How can MobileNetV2 have the same number of parameters for different custom input shapes?

3.8k views Asked by At

I'm following the tensorflow2 tutorial on fine-tunning and transfer learning using a MobileNetV2 as base architecture.

The first thing I noticed is that the biggest input shape available for pre-trained 'imagenet' weights is (224, 224, 3). I tried to use a custom shape (640, 640, 3) and as per the documentation, it gives a warning saying that the weights for the (224, 224, 3) shape were loaded.

So if I load a network like this:

import tensorflow as tf

tf.keras.backend.clear_session()
def create_model():
  base_model = tf.keras.applications.MobileNetV2(input_shape=(640,640,3),
                                include_top=False)
  x = base_model.output
  x = tf.keras.layers.GlobalAveragePooling2D()(x)
  x = tf.keras.layers.Dense((1), activation='sigmoid')(x)
  x = tf.keras.Model(inputs=base_model.inputs, outputs=x)
  x.compile(optimizer=tf.keras.optimizers.RMSprop(lr=0.0001),
                         loss='binary_crossentropy',
                         metrics=[tf.keras.metrics.BinaryAccuracy()])
  return x

tf_model = create_model()

It gives the warning:

WARNING:tensorflow:`input_shape` is undefined or non-square, or `rows` is not in [96, 128, 160, 192, 224]. Weights for input shape (224, 224) will be loaded as the default.

If I try to use an input shape like (224, 224, 3) then the warning vanishes, nevertheless, I tried to check the number of trainable parameters in both cases using

tf_model.summary()

and found out that the number of trainable parameters is the same

Total params: 2,259,265
Trainable params: 2,225,153
Non-trainable params: 34,112

even though the number size of the Convolutional filters changes accordingly to the custom input shape. So how can the number of parameters remain the same even when the Convolutional filters have bigger (spatial) sizes?

2

There are 2 answers

0
NoRest NR On BEST ANSWER

You're rights. The number of conv parameters only depends of the size of the kernel, the number of channels for a particular layer and the total number of layers.
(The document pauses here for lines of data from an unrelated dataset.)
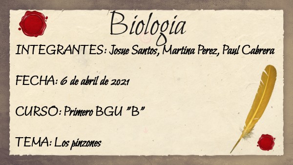 INTEGRANTES: Josue Santos, Martina Perez, Paul Cabrera FECHA: 6 de abril de 2021 CURSO: Primero BGU "B" TEMA: Los pinzones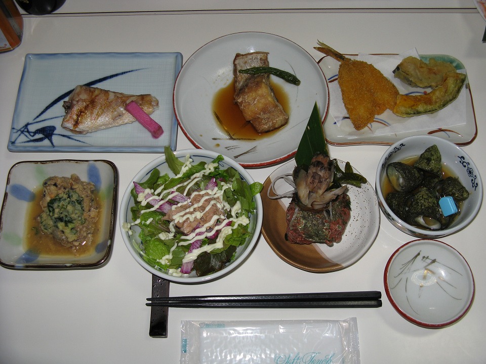 | 小アジは後で食すとして、 宿のメシだ。 海の幸がいっぱい! しかも、これだけではなかった。 |
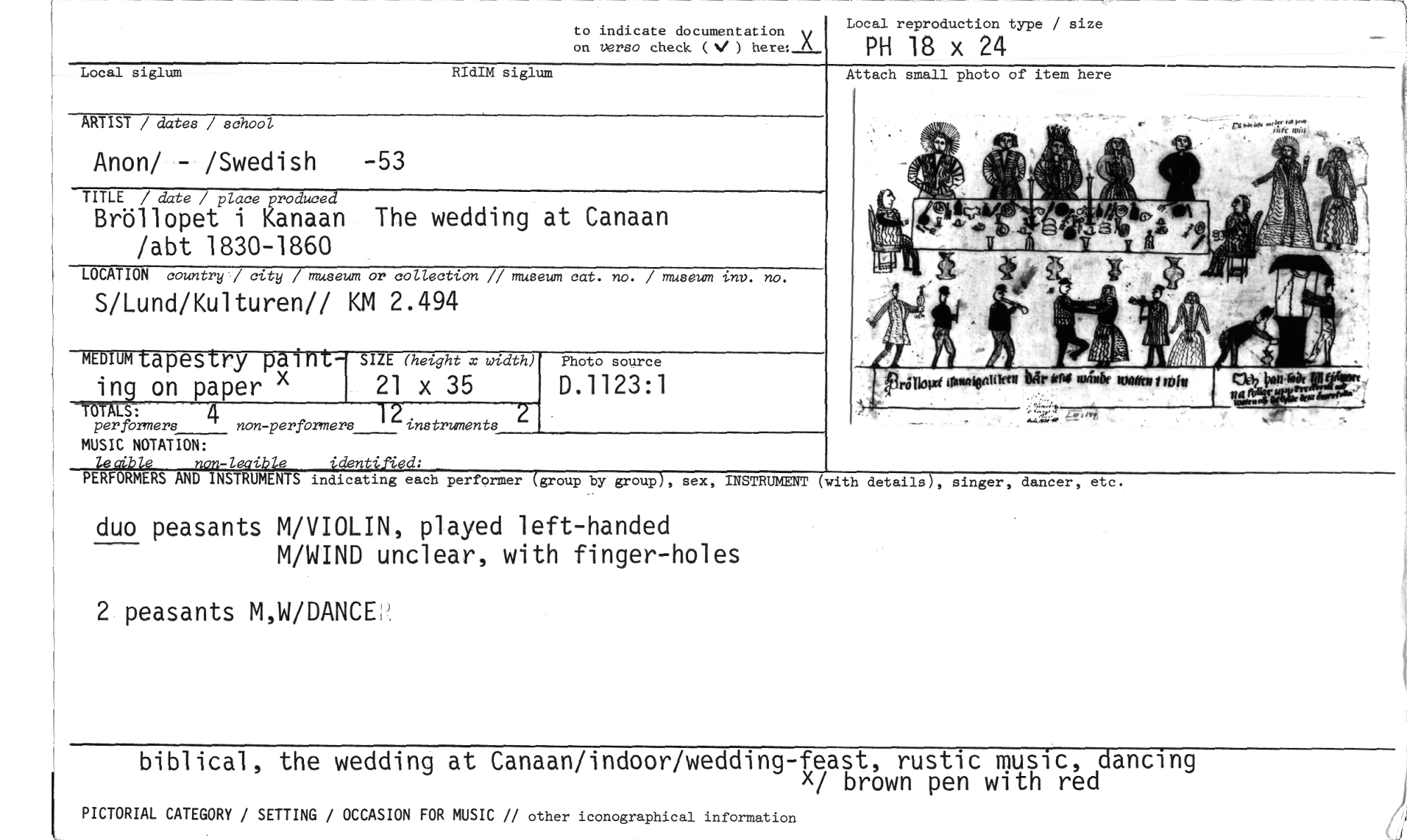 //// to indicate documentation v //// Local reproduction type / size //// on versa check (N/ ) here—/-1- PH 18 x 24 //// duo peasants M/VIOLIN, played left-handed M/WIND unclear, with finger-holes //// 2 peasants KW/DANCE' //// biblical, the wedding at Canaan/indoor/wedding-feast, rustic music, cfancing //// x/ brown pen with red //// PICTORIAL CATEGORY / SETTING / OCCASION FOR MUSIC // other iconographical information //// Attach small photo of it em here //// (with //// details), //// RIdIM siglum //// Local siglum //// ARTIST / dates / school //// Anon/ - /Swedish -53 //// TITLE / date / placeproduced //// Bröllopet i Kanaan The wedding at Canaan /abt 1830-1860 //// LOCATION country / city / museum or collection /7 museum cat. no. / museum inv. no. //// S/Lund/Kulturen// KM 2.494 //// MEDIUMtapestry paintin•on paper x //// T IS: //// per formers non-perförmers instruments //// MUSIC NOTATION: //// leaible non-leaible identified: //// I ' //// SIZE (height x width) //// 21 x 35 //// Photo source //// D.1123:1 //// PERFORMERS AND INSTRUMENTS indicating each performer (group by group), sex, INSTRUMENT //// singer, dancer, etc. ////

However, the problem when you change the input resolution (here 640x480x3) is that the final layer right before the fc layer won't have the same dimension than the network with 224x224x3. Thus, it's not compatible as is.

Why?

example with Input resolution 224x224x3 :

  1. 1st layer stride = 2 thus output of layer 1 is 112x112x32
  2. 2nd layer stride = 2 thus output of layer 2 is 56x56x16
  3. 3rd layer stride = 1 thus output of layer 3 is 56x56x32
  4. and so on...

The stride affects the resolution of intermediate feature maps. Last layer would be bigger if you use a 640x480x3 input resolution so the FC layer is not compatible. You should transfer the convolutional weights learned from the vanilla model (with 224x224 resolution) to the new convnet compatible with 640x480x3 input data.

0
Atresmo On

After checking in more detail it seems that the number of parameters depends on the kernel sizes and the number of filters of each convolutional layer, as well as the number of neurons on the final fully connected layer and some due to Batch Normalization layers in between.

Since none of these aspects depend on the size of the input images, that is, the spatial resolution may change in the output of each Convolution layer, but the size of the convolutional kernel will still be the same (e.g. 3x3x3), consequently, the number of parameters will also be fixed.

The number of parameters of this kind of network (i.e. Convolutional Neural Networks) is independent of the spatial size of the input. Nevertheless, the number of channels (e.g. 3 in an RGB colored image) must be exactly 3.